# 76 mm ARMDC



## RexX (27 Jan 2019)

Hello Gentlemen, 

I have found this in my attic and am wondering what the lettering means. 

I am having trouble finding information on this.

Thank you,


----------



## AmmoTech90 (27 Jan 2019)

It would be a good idea to contact your local police and have them contact the nearest military base for explosive ordnance disposal assistance.

That would appear to be a 76mm Armoured Car projectile.  Unfired.  Made in the United Kingdom.  Possibly High Explosive Squash Head.  Shell body was manufactured in Nov 1978 by Royal Ordnance Birtley.

In Canada they were fired from Cougar Direct Fire Support Vehicles.  These used the same turret as the British Scorpion.  The round could have originated from a variety of places:
-Early Canadian buy of ammo from the UK.
-British stock from Suffield, I'm pretty sure they had Scorpions there.
-It's a repainted drill or display round, most of which were UK manufacture.

Any other painted markings on it anywhere?


----------



## brihard (27 Jan 2019)

Yup, contact local police. Only a properly trained expert is going to be able to determine if this is any hazard. If it’s a real shell, there’s danger there because explosives can become less stable over time. Don’t handle it any further, just get an expert in.


----------



## daftandbarmy (28 Jan 2019)

RexX said:
			
		

> Hello Gentlemen,
> 
> I have found this in my attic and am wondering what the lettering means.
> 
> ...



If it's not too late, you might think about leaving that thing right there, tip toeing away, quietly locking the house up, and checking into a hotel until they check that baby for you. After you call the police.

Yes, really.


----------



## RexX (28 Jan 2019)

Thanks for the replies, 

Haha the shell is already disarmed.
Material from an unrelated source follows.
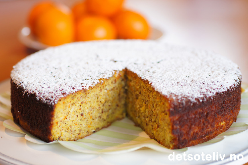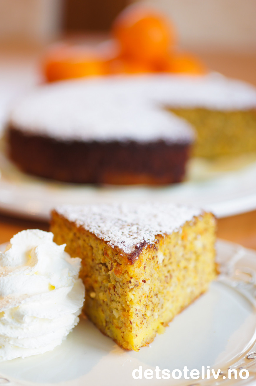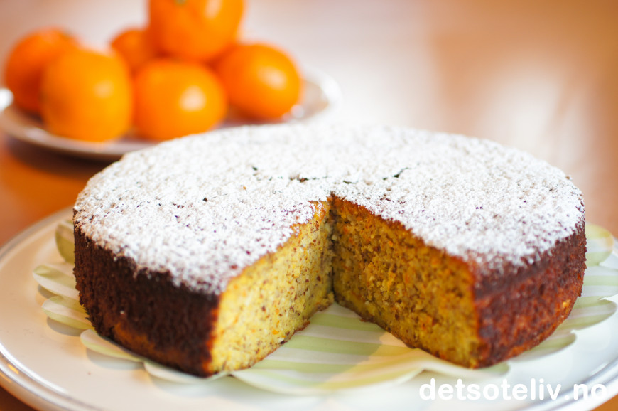I januar er det fortsatt bugnende hyller med klementiner i matbutikkene. En spennende måte å bruke dem på er å lage denne friske Klementinkaken. Her kokes klementinene i 2 timer før de moses hele og blandes inn i deigen. Malte mandler erstatter hvetemel i denne kaken, så kaken er naturlig glutenfri. Kaken serveres gjerne med søt krem, men aller helst med gresk yoghurt og brunt sukker. Crème fraîche med brunt sukkerdryss funker også veldig bra!

You can split it in half and everything is empty.
Should I still bring to local police? 

Would this be worth anything for collectors?


----------



## mariomike (28 Jan 2019)

RexX said:
			
		

> Should I still bring to local police?



I would say no.

I can imagine their reaction.

QUOTE

Toronto fire station evacuated after resident brings in old artillery shell
https://globalnews.ca/news/2976882/toronto-fire-station-evacuated-after-resident-brings-in-old-artillery-shell/
A Toronto fire station had to be evacuated Saturday afternoon after a man brought an old artillery shell for disposal.
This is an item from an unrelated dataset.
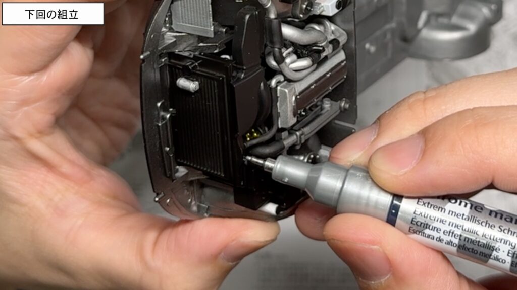 ネジの頭などは4アーティストマーカーのシルバーでパキッと際立たせました。

Toronto police, including CBRNE (Chemical, Biological, Radiological, Nuclear, and Explosive) officers, were called to the fire station on McRae Drive, west of Laird Drive and south of Eglinton Avenue East, just before 1 p.m. 

END QUOTE


----------



## daftandbarmy (28 Jan 2019)

RexX said:
			
		

> Thanks for the replies,
> 
> Haha the shell is already disarmed. You can split it in half and everything is empty.
> Should I still bring to local police?
> ...



I know an ATO in the UK who spent alot of time blowing up people's living rooms in London because they had a 'memento' that they already thought was disarmed. 

How do you know that the warhead has been deactivated?


----------



## RexX (28 Jan 2019)

When I open it up everything is empty. Based on this I thought it was safe.
You can see in the attached photo everything is empty space in both parts.

You think it might still be unsafe?


----------



## daftandbarmy (28 Jan 2019)

RexX said:
			
		

> When I open it up everything is empty. Based on this I thought it was safe.
> You can see in the attached photo everything is empty space in both parts.
> 
> You think it might still be unsafe?



OK, looks safe to me, but this is where I now defer to the real Ammo experts in the room


----------



## RexX (28 Jan 2019)

Thanks for your input daftandbarmy, 

I would like to keep it as it looks badass. 
If it might be worth something though I would look to sell it as I am in need of some funds!

Hehe


----------



## RexX (28 Jan 2019)

AmmoTech90 said:
			
		

> It would be a good idea to contact your local police and have them contact the nearest military base for explosive ordnance disposal assistance.
> 
> That would appear to be a 76mm Armoured Car projectile.  Unfired.  Made in the United Kingdom.  Possibly High Explosive Squash Head.  Shell body was manufactured in Nov 1978 by Royal Ordnance Birtley.
> 
> ...



No other markings

It reads:

76MM ARMDC
SX 122 CE
LOT 536 RLB 11/78
LZ 113


----------



## AmmoTech90 (28 Jan 2019)

I'm not going to do EOD by internet based on any pictures or descriptions and change my advice.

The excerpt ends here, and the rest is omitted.